**Source material**
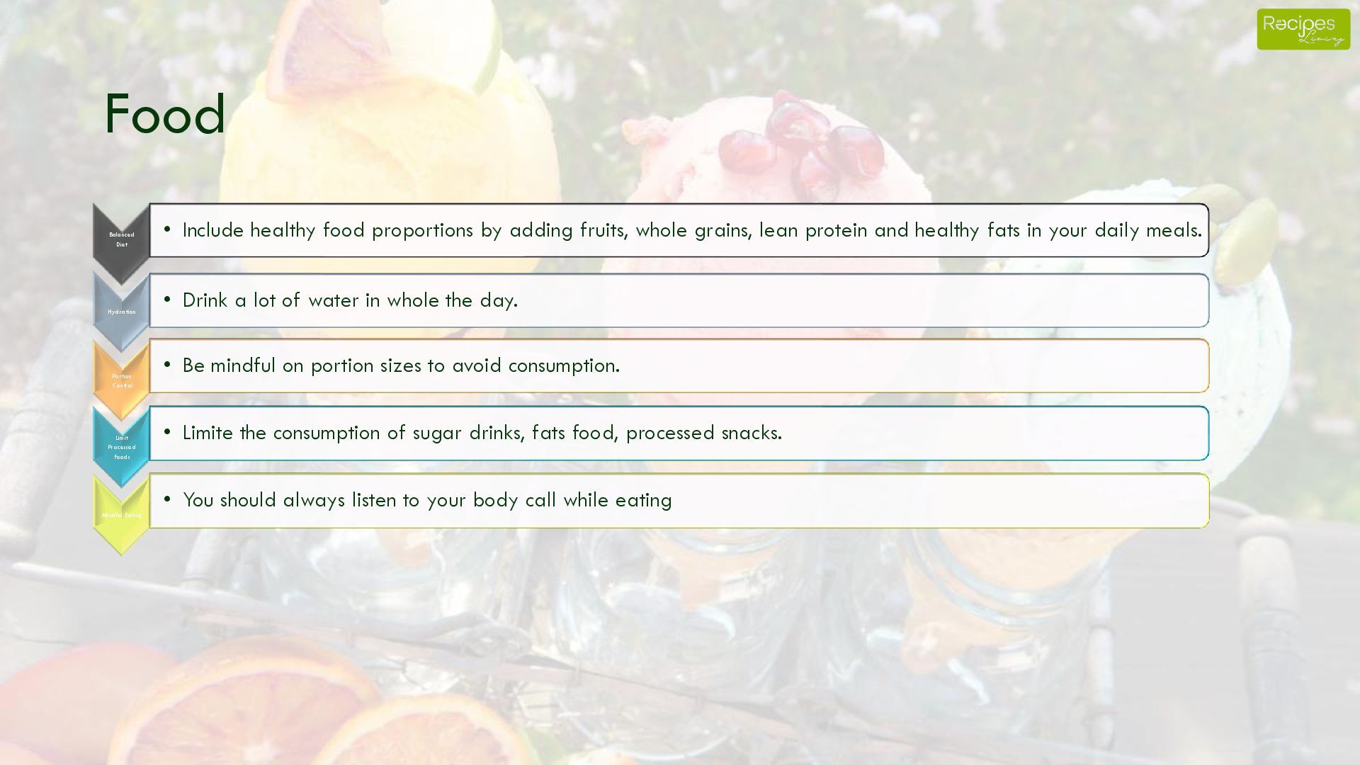 fruits, whole grains, lean protein and healthy fats in your daily meals. Hydration • Drink a lot of water in whole the day. Portion Control • Be mindful on portion sizes to avoid consumption. Limit Processed Foods • Limite the consumption of sugar drinks, fats food, processed snacks. Mindful Eating • You should always listen to your body call while eating
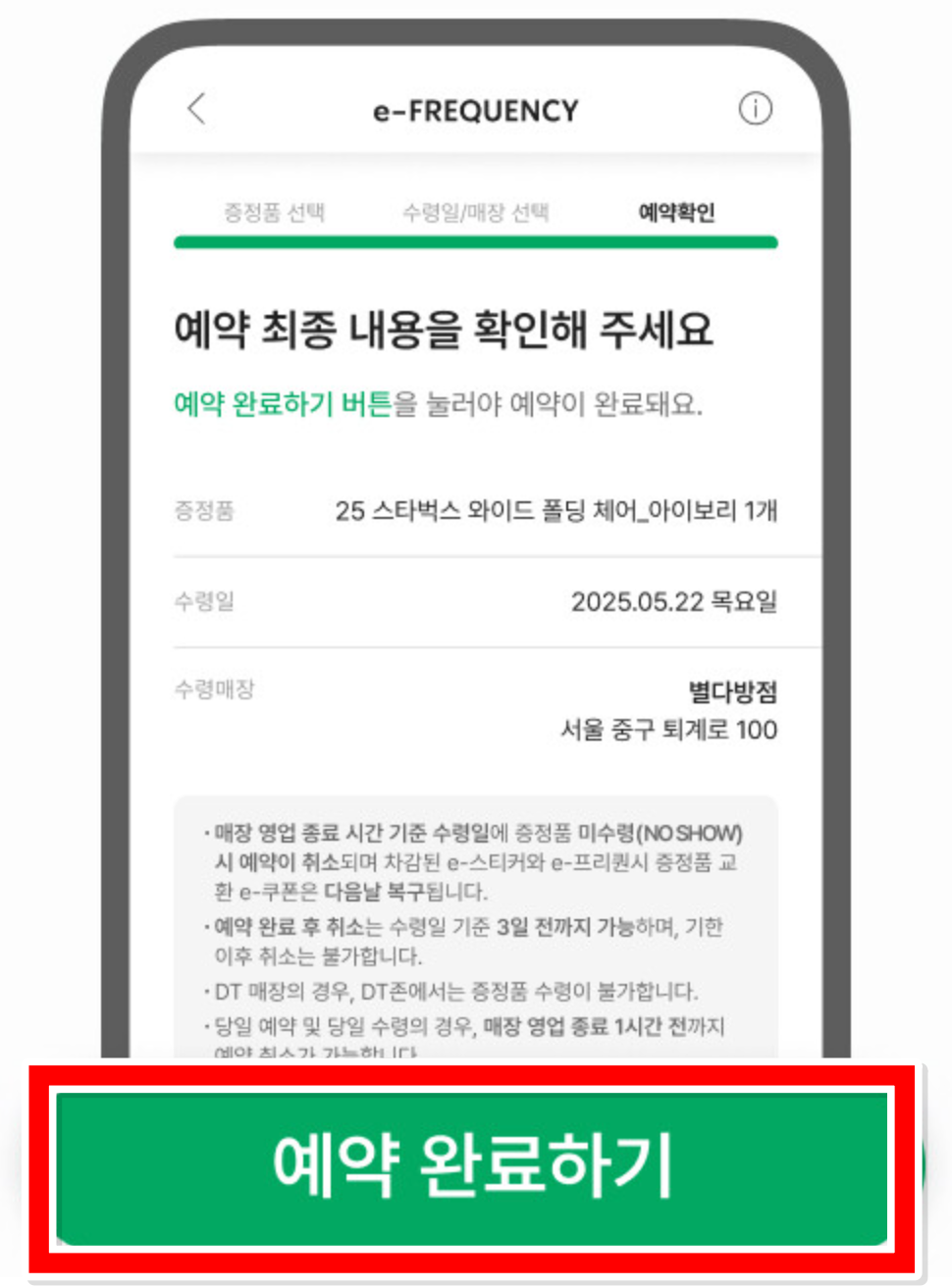 7. 마지막으로 예약 정보를 최종 확인 해주시고, 예약 완료하기 버튼을 눌러주세요. 예약 완료하기 버튼을 누르지 않으면 예약이 완료되지 않기 때문에 반드시 예약 완료하기 눌러주세요~!
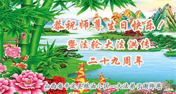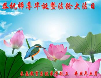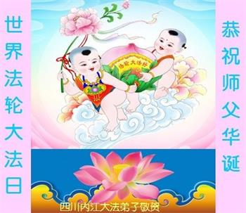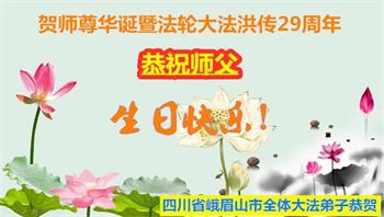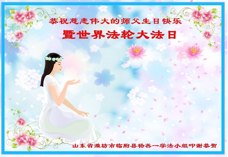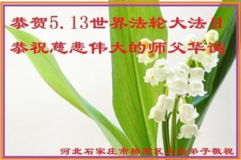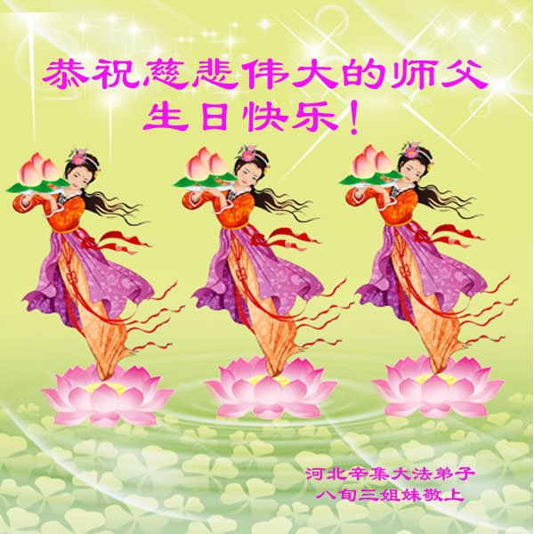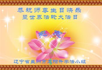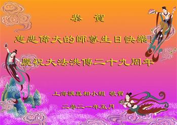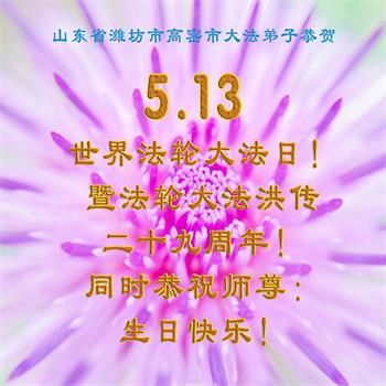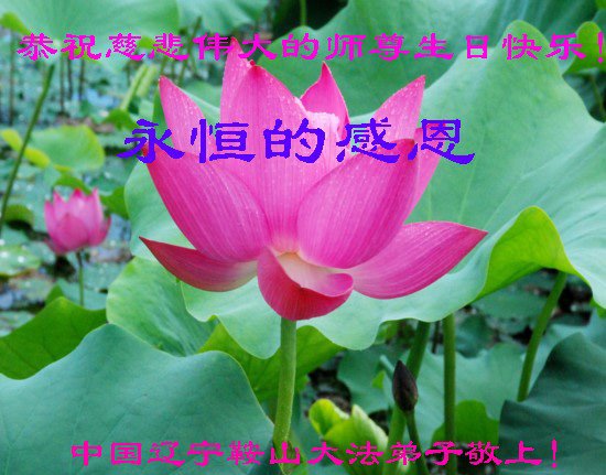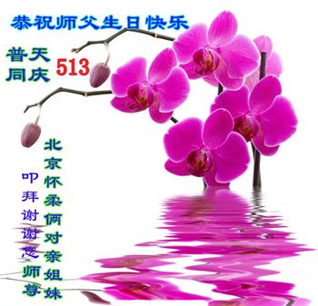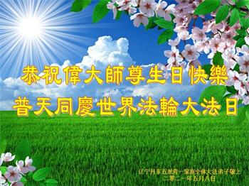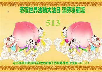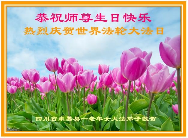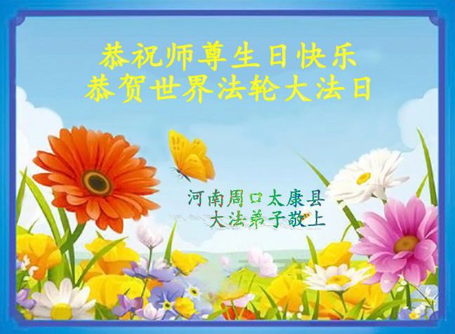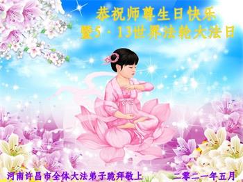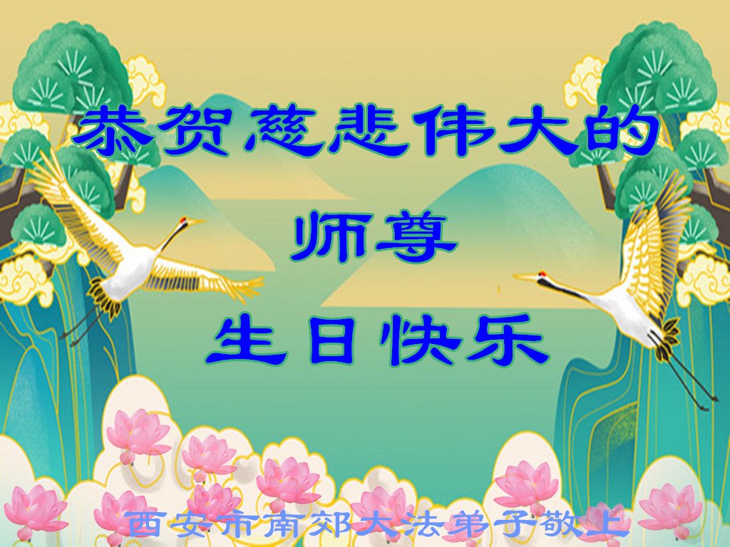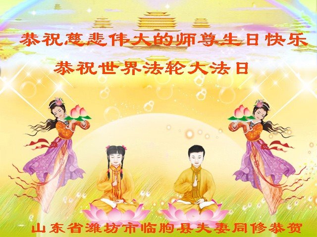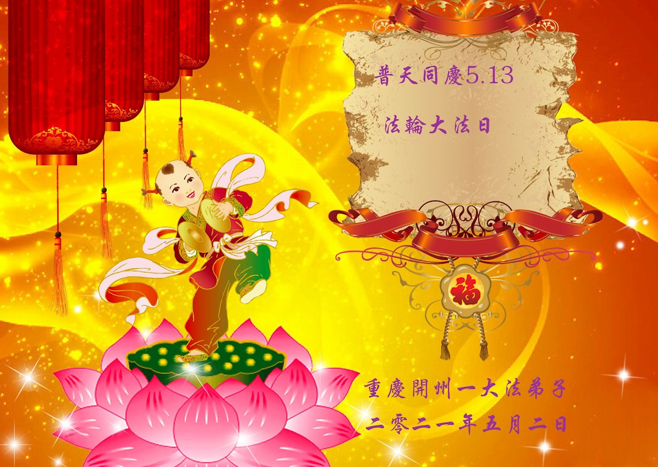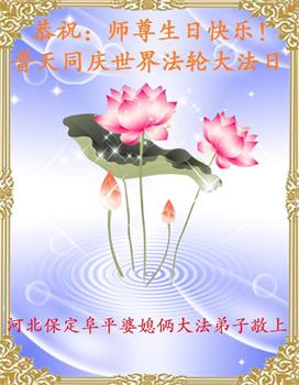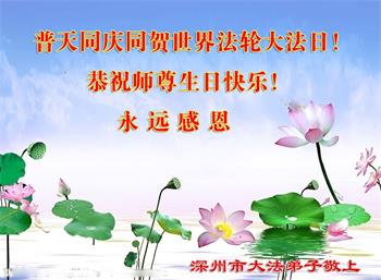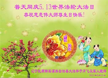 福建省福州市一大法弟子在贺词中说:“弟子双手合十,发自心底的恭祝慈悲伟大的师父华诞!每当5·13这辉煌的日子到来之际,弟子内心都充满对师父的无比感恩和思念。是师父把我脱胎换骨,重塑成一个全新的真我。”

**What to do**
Omit the pictures and return exactly the lines from the line containing "7. 마지막으로 예약" through the final line of the material above, both ends included.

**Worked solution**
 7. 마지막으로 예약 정보를 최종 확인 해주시고, 예약 완료하기 버튼을 눌러주세요. 예약 완료하기 버튼을 누르지 않으면 예약이 완료되지 않기 때문에 반드시 예약 완료하기 눌러주세요~!
 福建省福州市一大法弟子在贺词中说:“弟子双手合十,发自心底的恭祝慈悲伟大的师父华诞!每当5·13这辉煌的日子到来之际,弟子内心都充满对师父的无比感恩和思念。是师父把我脱胎换骨,重塑成一个全新的真我。”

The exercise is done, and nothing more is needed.